My interpretation is “why split time and resources between two sets of assets with unequal value propositions”. What I mean by that is the I-O assets could fetch high revenues if they were successful; the key word being “if”. Most drug and biolgic candidates fail to succeed. The regulatory approval process is expensive and time consuming. It makes sense to devote resources completely to an approved product with superior efficacy competing in an under-served market.

Financial Outlook

According to Credence Research the global Hepatitis-B vaccine market is poised to reach $1.89 billion in value by 2025. For now, DVAX is vying for a $300 million-a-year pie in the U.S by targeting 25% of the vaccination outlets representing $225 million. If HEPLISAV-B gains approval for use in patients with ESRD that would open the door to additional revenue. Ninety-six percent of DVAX customers have repeated their orders signifying satisfaction. Analysts are projecting sales revenue around $43 million in 2019 (up 420% YOY) and $97 million in 2020 (+127% from 2019 expectations). Earnings per share is expected to improve as well. The average estimate is -$1.92 and -$1.14 for 2019 and 2020, respectfully.

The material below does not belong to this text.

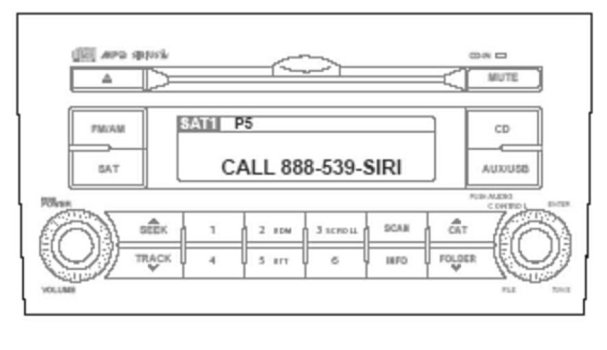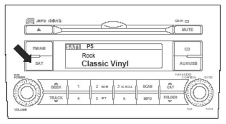 1. SAT/SIRIUS button: Press this button with the audio unit ON to access Sirius Satellite Radio. Pressing this button repeatedly will cycle through SAT1/SAT2/SAT3 bands.
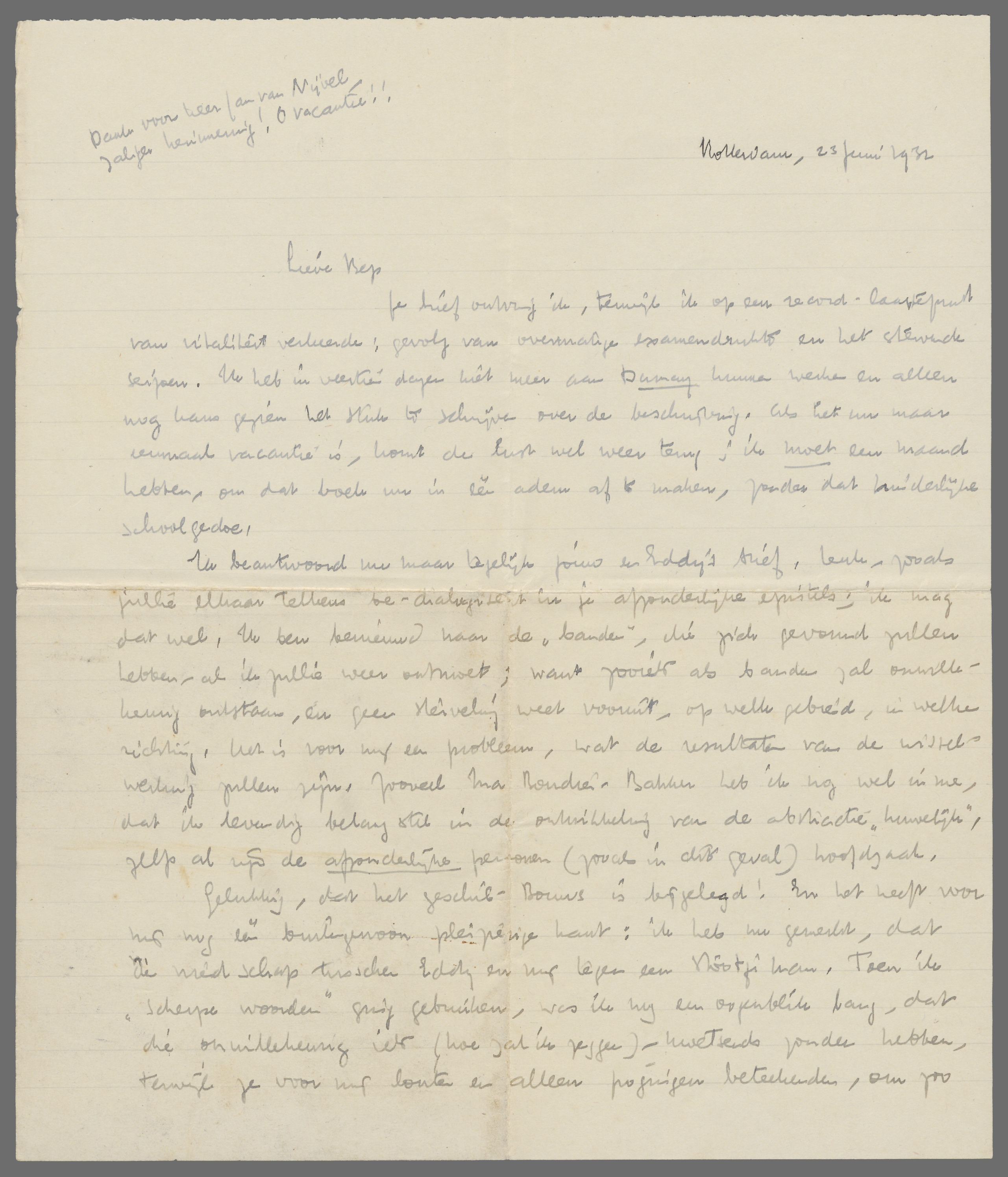 Ik beantwoord nu maar tegelijk jouw en Eddy's brief. Leuk, zooals jullie elkaar telkens be-dialogiseert in je afzonderlijke epistels; ik mag dat wel. Ik ben benieuwd naar de ‘banden’, die zich gevormd zullen hebben, als ik jullie weer ontmoet; want zooiets als banden zal onwillekeurig ontstaan, en geen sterveling weet vooruit, op welk gebied, in welke richting. Het is voor mij een probleem, wat de resultaten van de wisselwerking zullen zijn. Zooveel Ina Boudier-Bakker heb ik nog wel in me, dat ik levendig belang stel in de ontwikkeling van de abstractie ‘huwelijk’, zelfs al zijn de afzonderlijke personen (zooals in dit geval) hoofdzaak.

Research and development expenses in 1Q19 were $21.2 million compared to $18.9 million in 1Q18. With the proposed structural changes those figures should come down significantly. The analysts estimates discussed above were calculated assuming stable, or increasing, R&D expenses related to DVAX’s I-O development programs. A revision incorporating the 37% slash in the workforce should boost EPS and help the company become profitable b 2023. Based on a cash burn of $43.6 million in 1Q19 and $183.2 million in cash, cash equivs and marketable securities DVAX could sustain operations for 2.5 years. Probably longer after restructuring.

In terms of liabilities, DVAX has $175.6 million in long-term debt. Furthermore, the company has a term loan agreement for $177.3 million from CRG Servicing LLC that matures December 31st, 2019. The remaining $75 million from the loan was drawn down in March 2019.

Final Thoughts

Collectively our research indicates that the DVAX is making a risky, but understandable structural change. Sales performance to date has shown robust demand for HEPLISAV-B and has been in line with guidance. Management stated in the latest earnings report that its focus was to make “HEPLISAV-B the standard of care Hepatitis-B adult vaccine in the U.S”. Success is certainly possible. HEPLISAV-B is one of two Hepatitis-B vaccines available for adults in the U.S. It has the superior efficacy rate, a comparable safety profile, and only takes two doses. The paradigm could change, though, if MRK’s Recombivax-HB reemerges in the adult vaccine market, but per guidance from MRK that is unlikely to happen in 2019. If it did it would be interesting to see if DVAX reprices HEPLISAV-B.

A couple unknowns make me nervous. How much cash can DVAX leverage their oncology assets for? What will OpEx be after the restructuring plans are implemented? Once the answer become clearer I will feel more confident in the long-term outlook for DVAX. On Thursday the company went all in placing their bet on HEPLISAV-B to carry the business forward. Until hard-data proves that was the right decision I would exercise caution investing in DVAX.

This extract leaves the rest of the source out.